Jon Tillman | Filed Under: Essays | Tagged: music,video-games First Published: 2024-11-28 | Last Updated: 2024-11-29 Status: in progress | Audience: grumpy old farts | Confidence: expert Word Count: 1077 | Reading Time: 5 minutes

Genres are ways to talk about things that are alike. They are not lifestyle achievements, marketing tools, or badges of honor. All reasonable adults know this. But the world is not populated solely by reasonable adults. And when the unreasonable get access to large platforms, they can bend, stretch, and distort genres in ways that make them useless for their intended purpose.

Two groups of people (on the internet) have, more than most others, bludgeoned genre identifiers into a useless pulp to meet their own ends, whether commercial or emotional, and in doing so, made it impossible for people to use genres to find other things they might like based on things they already liked. They have done this because they care more about the title (and its presumed cachet) than they do about accurately describing the thing they make so that people that like things like the thing they make can find it.

The Case of the -core

Hardcore is a genre label used to describe a style of punk rock that meets some pretty specific requirements; rhythm over melody, volume over nuance, and speed over technique. Verse-chorus-verse punk rock (Sex Pistols, Ramones, etc…) would never be mistaken for hardcore. Bad Brains, Circle Jerks, and Minor Threat were a whole different style of music, as it is plain to hear. Shouted (not sung) vocals in minor scales, distorted power chords played as fast as possible, and drums that alternate between fast D-beat and elaborate breakdowns are also signatures of the genre.

The “metalcore” portmanteau was originally a joking reference used by the fanzine Maximumrockandroll to describe the Richmond VA band Black Pyramid, Oxnard CA band False Confessions, Mesa AZ band Desecration and Austin TX band Last Will at various points between 1985 and 1986. If you wanted to be a stickler for authenticity, you could say that only bands that sound like those four exemplars could claim to be metalcore bands. If you take the hardcore formula and incorporate a couple of tweaks to it, you get something very much descended from, but still different enough from, hardcore to need its own moniker. Let’s say the drummer uses double bass all the time, the singer screams and/or growls the lyrics instead of shouting them, and the drum breakdowns become all-band breakdowns and slow down even further, into chugging intense percussive passages. Let’s say all those stylistic tweaks came primarily from another genre, like Death Metal. Then you could call that style of hardcore metallic hardcore or metalcore.

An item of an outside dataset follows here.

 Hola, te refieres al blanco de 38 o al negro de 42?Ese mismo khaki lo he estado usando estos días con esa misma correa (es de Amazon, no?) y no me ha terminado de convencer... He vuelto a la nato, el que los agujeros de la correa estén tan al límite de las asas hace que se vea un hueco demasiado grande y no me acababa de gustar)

Rogue -like, -lite and not at all like

In 1980 a video game called Rogue was published. It was based around a set of gameplay systems that worked together to make a very specific type of game. In short, it spawned a new genre, which by 1993 had come to be known as roguelike games. Roguelike games shared certain defining features: Within fans of the original Rogue game and its immediate offshoots, the differences that are discussed tend to be about whether good equipment in game is hard to find (Hack-like games) or hard to upgrade (Moria-like games), whether game levels once generated persist for the entire playthrough (Hack-like games) or regenerate every time you enter them (Moria-like games), and whether or not there is a non-trivial plot (Moria-like games usually have one, Hack-like usually don’t)

  • Permadeath - the consequences of your actions cannot be rolled back, and dying in game ends the game and erases your save game.
  • Procedural Generation - the levels of the game are generated anew for each new game you start, in order to create infinite replayability.
  • Turn-Based - Thinking carefully about your actions is encouraged by giving you all the time you need between moves to decide on your actions.
  • Non-Modal Clean Runs - There is no “meta-progression”, every action in the game is available at all times, and no “unlocks” or other advantages persist between playthroughs.

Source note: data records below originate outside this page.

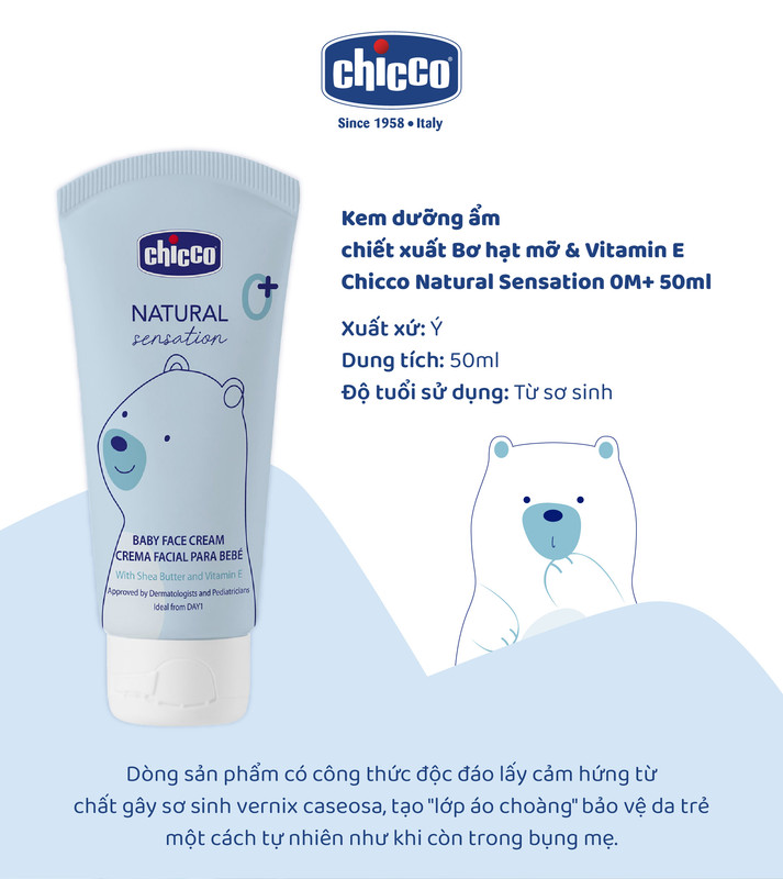 Kem dưỡng ẩm chiết xuất Bơ hạt mỡ & Vitamin E Chicco Natural Sensation 0M+ 50ml
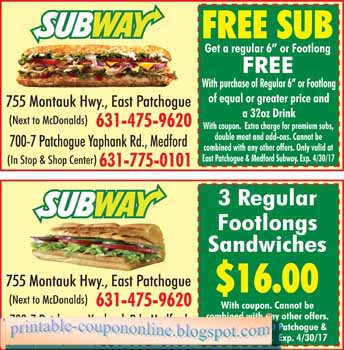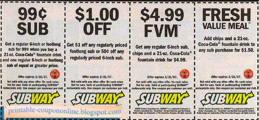 Here are some of the images for Subway Coupons Printable that we found in our website database.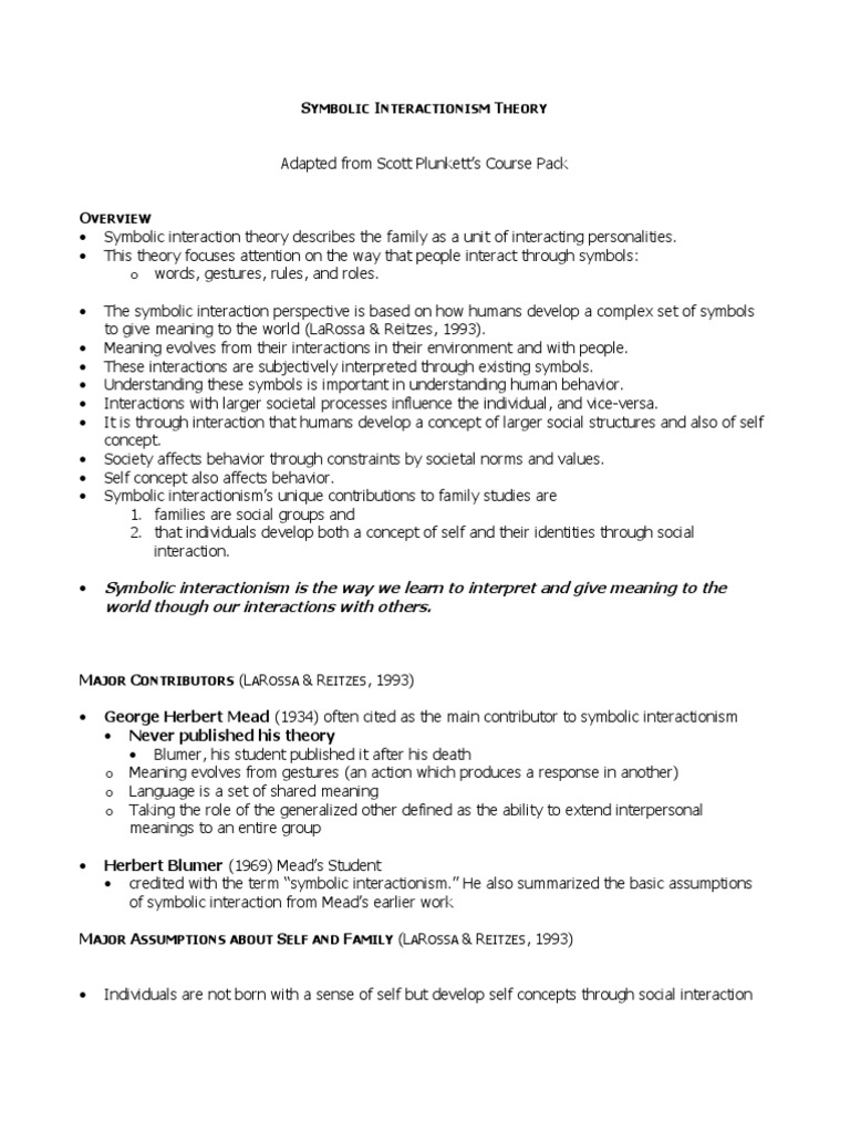 The symbolic interactionism theory, the third of the three most recognized theories of sociology, is based on Weber’s early ideas that emphasize the viewpoint of the individual and how that individual relates to society For Weber, the culmination of industrialization,. Definition of symbolic interactionism in the Definitionsnet dictionary Meaning of symbolic interactionism What does symbolic interactionism mean?. Definition of Symbolic Interactionism (noun) The theory that society is possible because of the shared meanings and social patterns created during social interactions Etymology of Symbolic Interactionism Herbert Blumer (1900–1986) is credited with coining the term.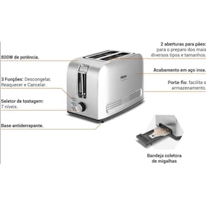 Acabamento em inox. Pés antiderrapantes. Porta fio.Permite ejeção manual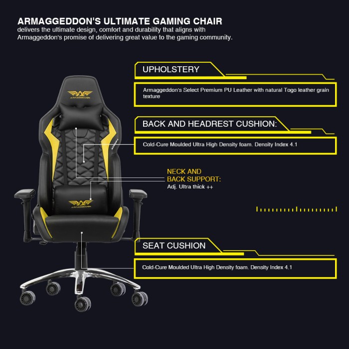 7 Pilihan Gaming Chair Armaggeddon Nebuka Kursi Gaming Premium PU Leather with natural Togo leather grain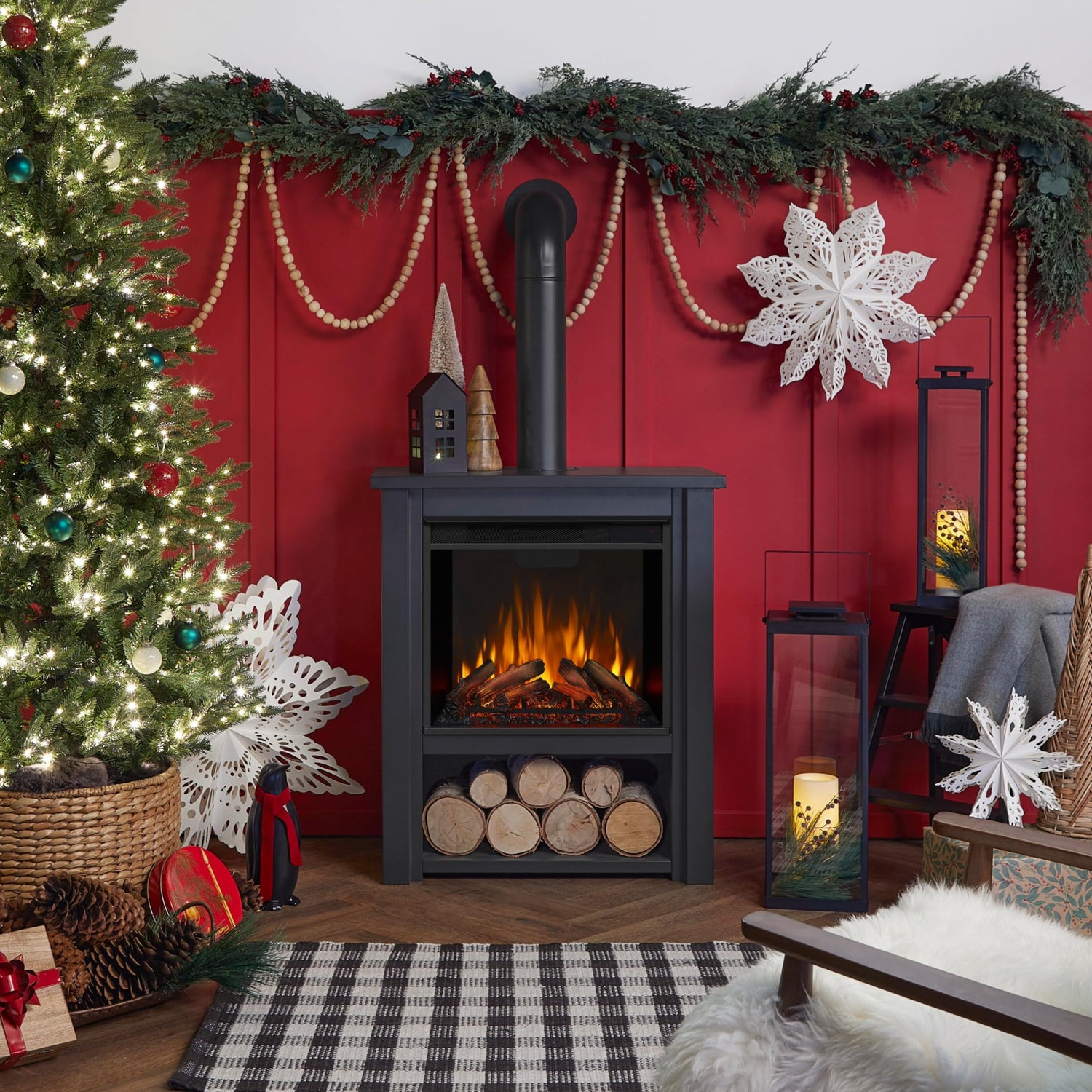 Details: Perfectly suited for many environments, the Hollis Electric Fireplace is designed to replicate the look of a built-in wood stove. A compact footprint allows practically endless placement options, even in small spaces. Complete the look by attaching the included stove pipe and using the storage compartment to display split logs. The Vivid Flame Electric firebox plugs into any standards outlet, and includes features such as a programmable thermostat to provide precise heating with 6 preset temperature settings in Celsius or Fahrenheit, timed shut off, dynamic embers, capacitive touch controls, and multiple flame color options. Available in matte black and matte white.

I have been a fan, and player, of Rogue-like games since the late 1980s.I know it was after 1987 because NetHack was already out but was relatively new, and before 1990 because Angband had not been released yet. In particular, I have been a dedicated player of NetHack for 30+ years, and I am always on the lookout for new Hack-style Rogue-like games. For me, and I am pretty certain I speak for a lot of old-heads here, the above four defining features are non-negotiable. They are the very essence of what makes the genre what it is. There are plenty of cool games that have come out since the late 80’s that incorporate one or more different aspects of the definition into their gameplay. I have played a lot of them, and I like them.

I am pretty certain that procedural generation is one of the best ways to make a game replayable, and I gravitate towards games with it regardless of genre. As a matter of fact, one of my current favorite games, Zero Sievert is a weird combination of procedural generation and the extraction shooter genre.

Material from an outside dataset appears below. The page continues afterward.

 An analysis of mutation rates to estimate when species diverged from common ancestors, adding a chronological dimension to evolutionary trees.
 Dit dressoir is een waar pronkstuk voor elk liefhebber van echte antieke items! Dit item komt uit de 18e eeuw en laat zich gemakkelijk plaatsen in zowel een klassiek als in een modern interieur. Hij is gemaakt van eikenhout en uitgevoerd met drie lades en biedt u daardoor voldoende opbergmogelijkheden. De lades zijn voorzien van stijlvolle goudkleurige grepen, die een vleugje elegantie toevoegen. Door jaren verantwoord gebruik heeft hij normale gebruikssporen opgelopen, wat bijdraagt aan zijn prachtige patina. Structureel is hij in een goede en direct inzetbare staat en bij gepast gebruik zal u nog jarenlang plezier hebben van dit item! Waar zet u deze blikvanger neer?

I enjoy games with serious consequences for in-game actions, and I vastly prefer games with permadeath to those without it. Dwarf Fortress is awesome because it allows you to fail in so many permanent ways.

I enjoy the slower pace of turn-based games that reward lateral thinking and experimentation, and I am always on the lookout for good examples of them. The XCOM series, particularly Enemy Unknown, polishes the turn-based combat mechanic to a high-gloss sheen.

I deeply dislike games that fake replayability through forcing the player to grind through essentially identical runs of a game in order to unlock “upgrades” that do little more than allow you to rerun the identical level(s) faster. Essentially I am uninterested in Incremental or Idle style games.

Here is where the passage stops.